The short version: the United States “is not bound by” one-third of the treaty’s text, and will only comply with it to the extent that it’s already complying with its own Constitution. Also, the U.S. does not consent to the treaty’s international accountability and conflict resolution procedure.
“Every human rights treaty the United States has signed has come with racks of reservations,” Jagannath says. “There would be significant pressure from the international community if the U.S. never signed the treaty…but they put on reservations that gut the treaty’s ability to hold them accountable. This is not lost on human rights advocates.”
The Committee Against Torture is an investigative body (its new observations will be shared on Friday via a global press conference and published report on its website). It does not have the power or authority to penalize nations for human rights violations.
Still, the Ferguson to Geneva delegation believes its mission was accomplished.
“We decided and understood that [the Ferguson movement] had to be bigger than the city or local area, bigger than the state, even bigger than the nation,” Thompson says. “The United States has done an exceptional job of presenting this picture of democracy. In Geneva, the people you talk to who ask you what you’re doing in Geneva—the people in the United Nations, the cab drivers, the people working in restaurants—you tell them about what’s going on in Ferguson and they can’t believe it.”

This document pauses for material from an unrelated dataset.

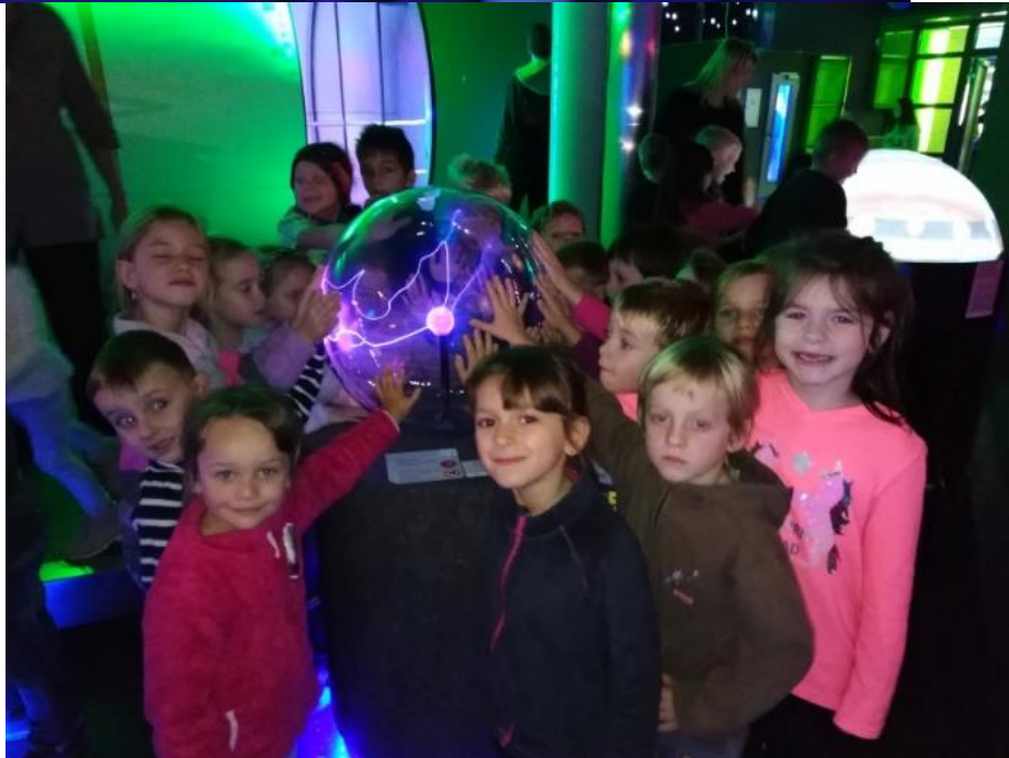
IQlandia – třída Kuřátek

Hansford believes that monetary penalties and other punitive laws will produce faster results in ending excessive force and brutality across police departments. He also sees international effort as key to ending racial discrimination, pointing to the global movement to end South African apartheid as an example.
“Malcolm X was talking about and dreaming of taking the United States to the United Nations,” he says. “I feel like we made a positive step. [The Committee] even went above and beyond what we were saying; one of the members said, ‘It looks like [Ferguson is] in the middle of a civil war.’”
Jagannath also recalls several similar moments, such as one member’s comment that there had been “a degradation” in law enforcement’s behavior, and another’s observation that people of color, particularly young people, are not treated equally under the law in the U.S.
“We should keep pushing [police brutality and racial profiling] as a human rights issue because it promotes solidarity,” she says. “In the United States the discourse is mostly around civil rights, but when we do that we prevent our ability to connect with people abroad. That would be a really powerful discourse, and I think that’s the future of our movement.”